As with the previous 5 provisions, companies should pay close attention when drafting the following executive agreement terms so as to best position itself in the event of future disputes.

6.  Trade Secret – Last year, the Defend Trade Secrets Act was passed and created a federal cause of action for misappropriation of trade secrets. However, to recover exemplary damages and/or attorneys’ fees under the Act, companies must provide explicit notice to employees that identifies the Act’s immunity provisions for certain types of trade secret disclosure, such as when a trade secret is disclosed through the reporting of a violation of law to federal, state, or local government officials. To maximize their recovery potential, companies should include the relevant notice in their executive agreements.

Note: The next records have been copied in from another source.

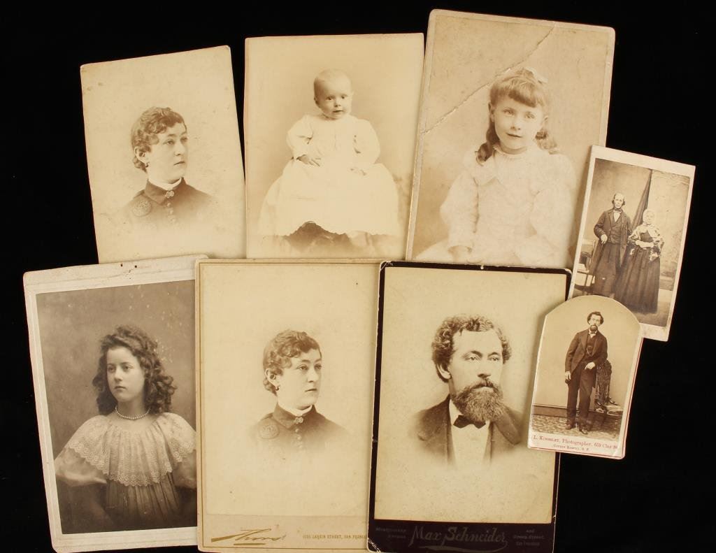 Lot of 6 cabinet photos and 2 CDVs; all appear to be from the Cahill and Haslam family of San Francisco, California given penciled notes on the back of some of the photos; would be interesting to further research. Est.: $25-$50.
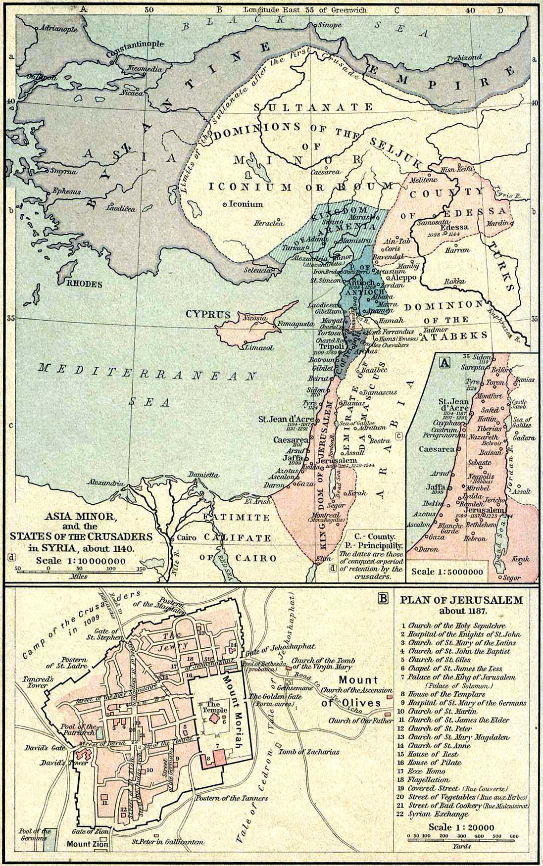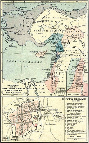 Krustnešu valstis Levantē ap 1140. gadu. Attēls no: Historical Atlas by William R. Shepherd, 1923.-26.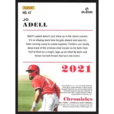 This is a 2021 Panini Chronicles Jo Adell baseball card. The card is #47 and pictures show condition.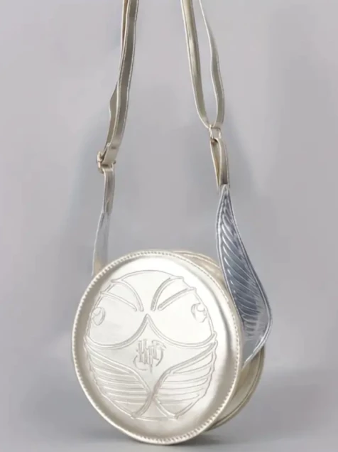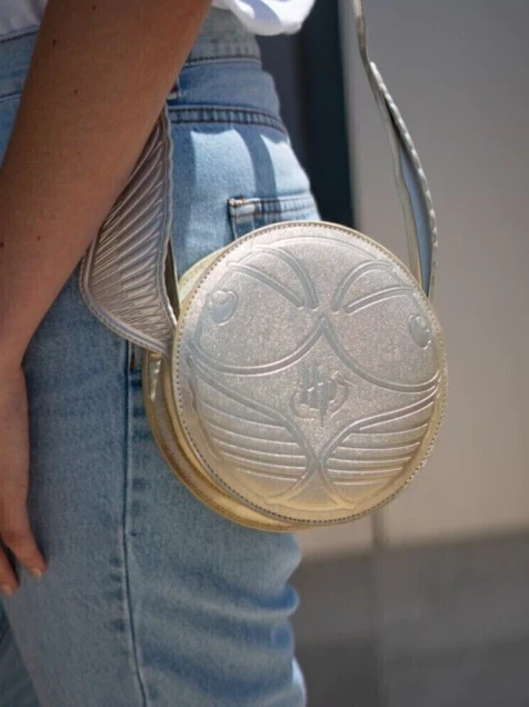 Con su diseño brillante inspirado en la legendaria Snitch, este bolso es ideal para llevar tus esenciales con un aire mágico y lleno de personalidad. ¡Haz que cada día sea una aventura brillante!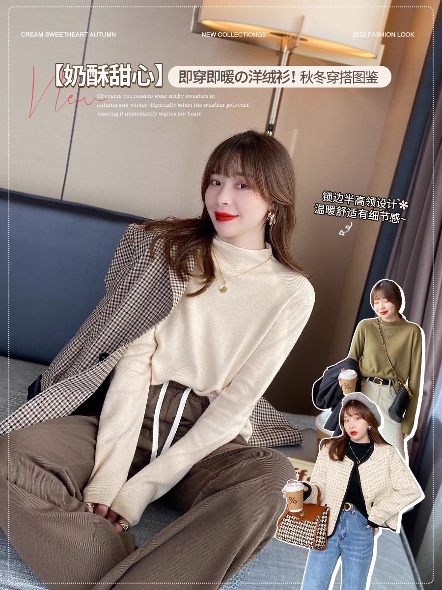 | nameOriginal | Half-high Collar Base Shirt Women's Autumn and Winter Inner Knitted Sweater 2023 New Style All-match Mid-collar Long-sleeved Top |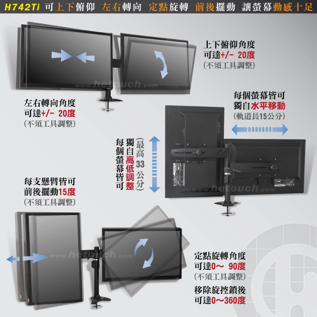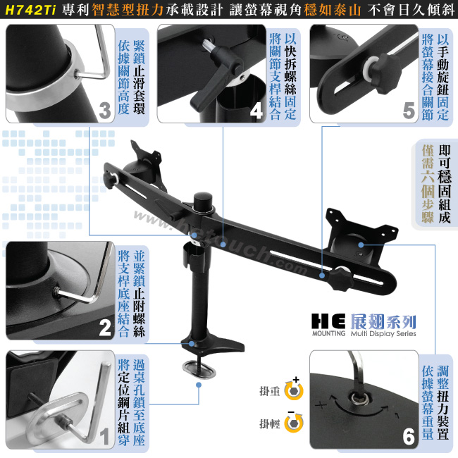 可依據螢幕重量調節扭力大小,掛重轉緊、掛輕放鬆(僅須調節一次),讓螢幕在調整各種角度時,不須任何工具或螺絲,隨轉即定位,讓視角穩如泰山、不會垂頭傾斜。

7.  Tax Code § 409A – The Internal Revenue Code includes significant tax penalties for certain deferred compensation arrangements. Under IRC Section 409A, there could be penalties if an executive agreement allows for payments to be made to the executive more than 2.5 months after the tax year in which the executive acquires a legal right to the compensation. This could apply to contract provisions regarding bonuses, severance payments, equity payments, change in control, terminations, and other compensation and benefits provisions. Given the intricacies surrounding these rules and exceptions, companies should engage in a specific review of all executive agreements for compliance to avoid these risks. For more information and updates on 409A in light of recent US tax reform, visit The Compensation Connection.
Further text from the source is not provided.